Ooookaaay...  I don't recall asking for any of that, so... um...  yeah... Maybe it's time to switch to decaf?


----------



## tirediron (Jun 16, 2013)

:waiting:


----------



## The_Traveler (Jun 16, 2013)

Perhaps this thread should be retitled 'what to do about ugly background chatter'?


----------



## vintagesnaps (Jun 16, 2013)

Yeah. Maybe another thread could have been started about processing backgrounds since the OP might be long gone and never coming back... I don't think the OP was posting this as being an aspiring pro or even necessarily a hobbyist but like many people, maybe someone who likes taking pictures of friends and family etc. and just wanted some suggestions on a relatively simple edit/adjustment. (And as a number of us mentioned, the fence doesn't look bad at all, and it's a fun picture that I think the OP did a nice job getting that might just benefit from a basic crop or other minor adjustment).

ShooterJ, the information you got from your instructor is the type thing I do  - moving your feet can be as good a tool in composing images as any sometimes.

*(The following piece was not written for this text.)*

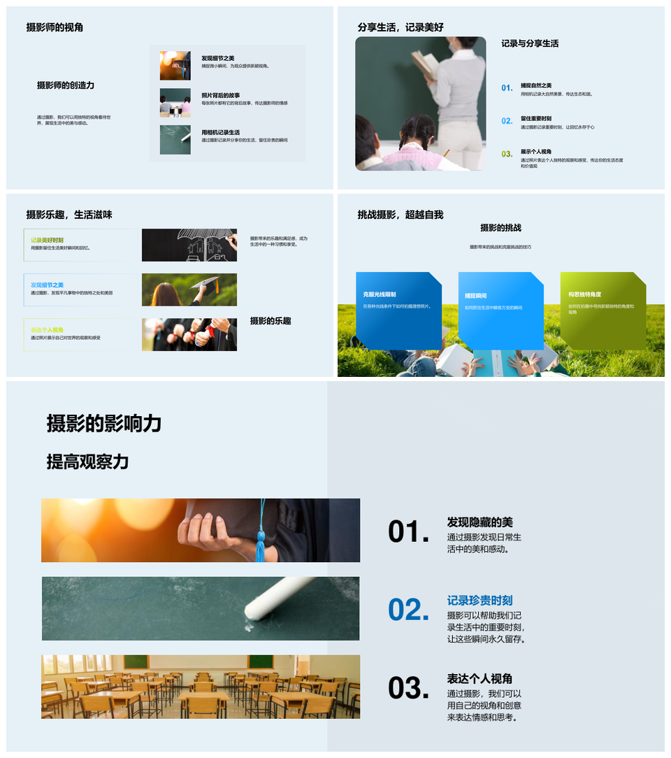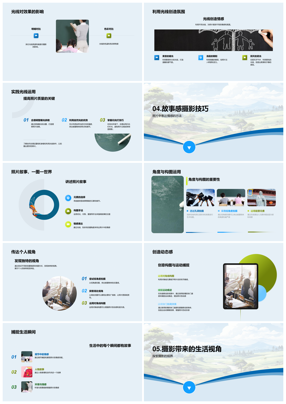 摄影俱乐部旅行技巧构图色彩对比相册图集PPT模板推荐

I think it's typical for the eye to be drawn to the subject and it takes some learning and practice to make your eye move around the entire rectangle of the viewfinder/screen and make sure everything there is what you want in your photo. I've done sports and events and I think it takes sheer practice to get good at efficiently framing and composing shots to capture a split second of time, and to learn how to get your camera and yourself ready for whatever might come next. I think too that a little can go a long way with post processing and it would be preferable for editing to be used to do something creative rather than to have to rely on it for a lot of corrections.

#1 - The best I can describe it is that the depth doesn't seem to look as I'd expect it would for the distance from the porch to the tree and sidewalk(?) in the background; that the blur makes it seem as if it's in the same plane when it actually isn't.


----------



## Buckster (Jun 16, 2013)

vintagesnaps said:


> #1 - The best I can describe it is that the depth doesn't seem to look as I'd expect it would for the distance from the porch to the tree and sidewalk(?) in the background; that the blur makes it seem as if it's in the same plane when it actually isn't.


Thanks for contributing your thoughts on this.


----------



## ShooterJ (Jun 16, 2013)

vintagesnaps said:


> ShooterJ, the information you got from your instructor is the type thing I do  - moving your feet can be as good a tool in composing images as any sometimes. I think it's typical for the eye to be drawn to the subject and it takes some learning and practice to make your eye move around the entire rectangle of the viewfinder/screen and make sure everything there is what you want in your photo. I've done sports and events and I think it takes sheer practice to get good at efficiently framing and composing shots to capture a split second of time, and to learn how to get your camera and yourself ready for whatever might come next. I think too that a little can go a long way with post processing and it would be preferable for editing to be used to do something creative rather than to have to rely on it for a lot of corrections.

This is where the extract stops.